**How to complete this task:** Your copy starts at the line containing "この子は一目惚れでした。この" and ends at the last line below. Copy exactly, without pictures.

**Collected material:**
________________

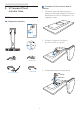 2. Установка Cloud monitor base Установка на Cloud monitor base на монитор 2. Установка Cloud monitor base 1. Положите монитор экраном вниз на ровную устойчивую поверхность. Будьте внимательны, чтобы не поцарапать и не повредить экран. 2.1 Установка Содержимое упаковки Cloud monitor base SB4B1927VB 2. Вставьте основание в комплект креплений VESA до щелчка. Cloud monitor base 使用 前请阅读使用说明 in k l © 20 14 Ko n User’s Manual Monitor drivers SmartControl software 保留备用 ijke P h il ip s ig h ll r .
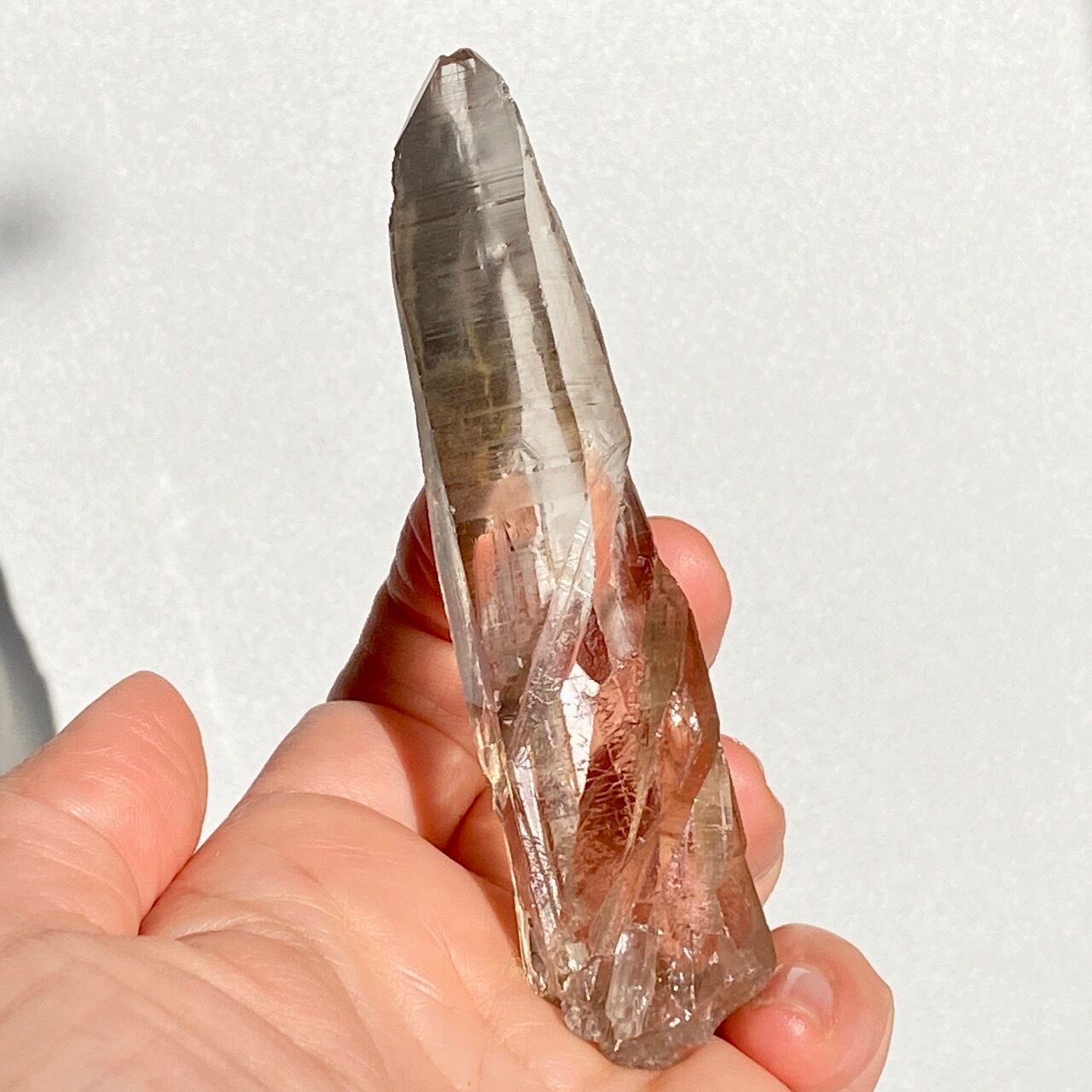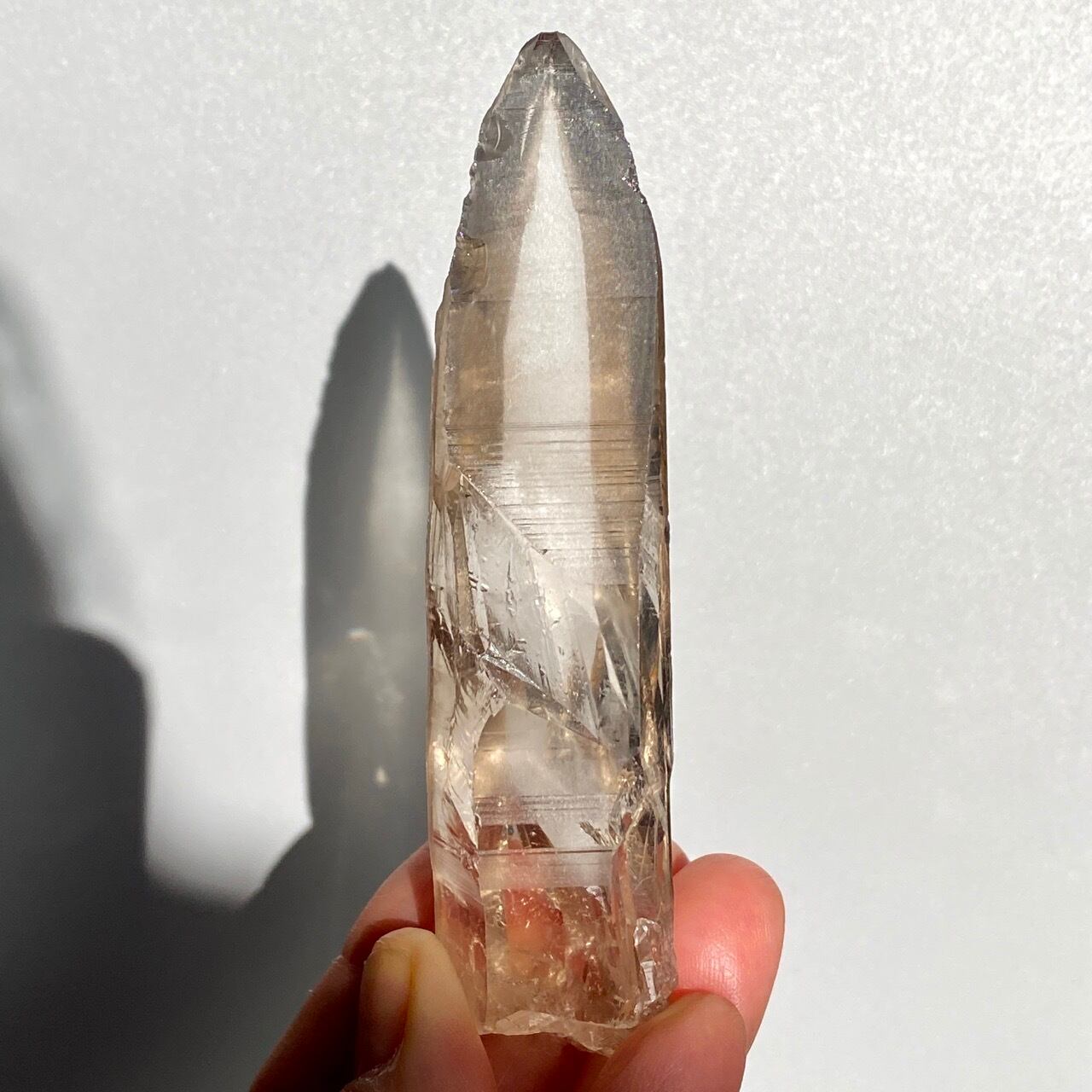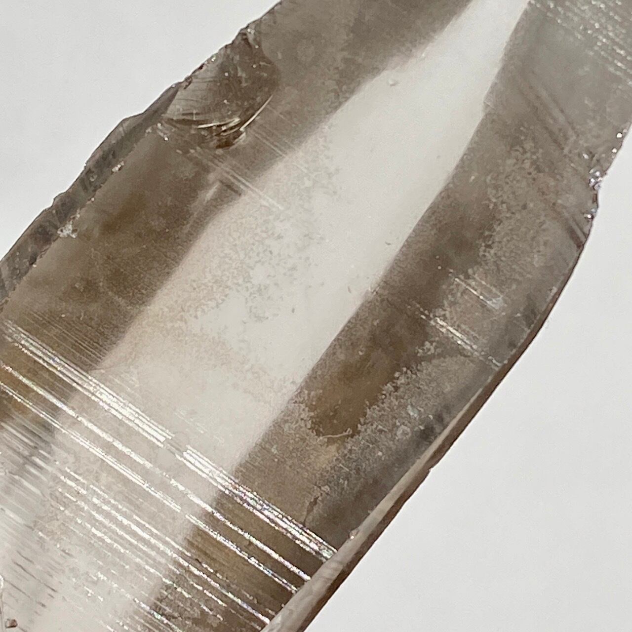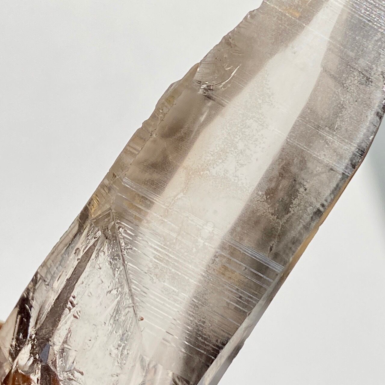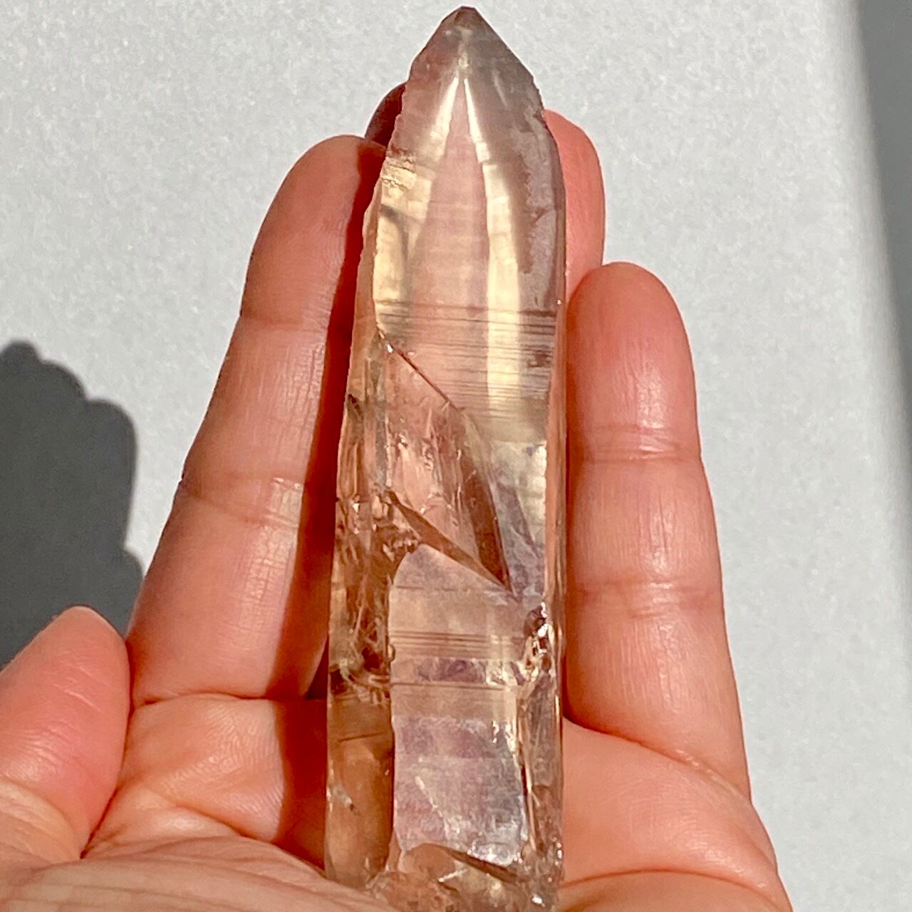この子は一目惚れでした。このどこまでも優しい色味と素晴らしい透明感、そして特筆すべきは、他のポイント達が付着していたであろう箇所(剥離痕)が畝りを生み出していてまるでスクリューのような躍動感があるところです。剥離痕に親指を合わせて握ってみたり、くっきりと入ったレムリアンリッジ(横に入った条線)をなぞったりして、クリスタルから受け取る感覚を味わって下さい。
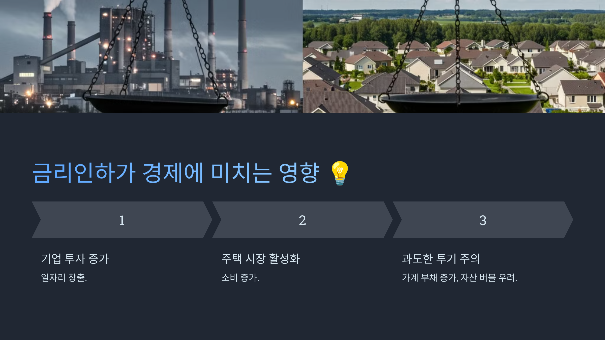 금리인하는 양날의 검과 같습니다. 긍정적인 효과도 있지만, 주의해야 할 점도 있죠.

________________

**Answer area:**
この子は一目惚れでした。このどこまでも優しい色味と素晴らしい透明感、そして特筆すべきは、他のポイント達が付着していたであろう箇所(剥離痕)が畝りを生み出していてまるでスクリューのような躍動感があるところです。剥離痕に親指を合わせて握ってみたり、くっきりと入ったレムリアンリッジ(横に入った条線)をなぞったりして、クリスタルから受け取る感覚を味わって下さい。
 금리인하는 양날의 검과 같습니다. 긍정적인 효과도 있지만, 주의해야 할 점도 있죠.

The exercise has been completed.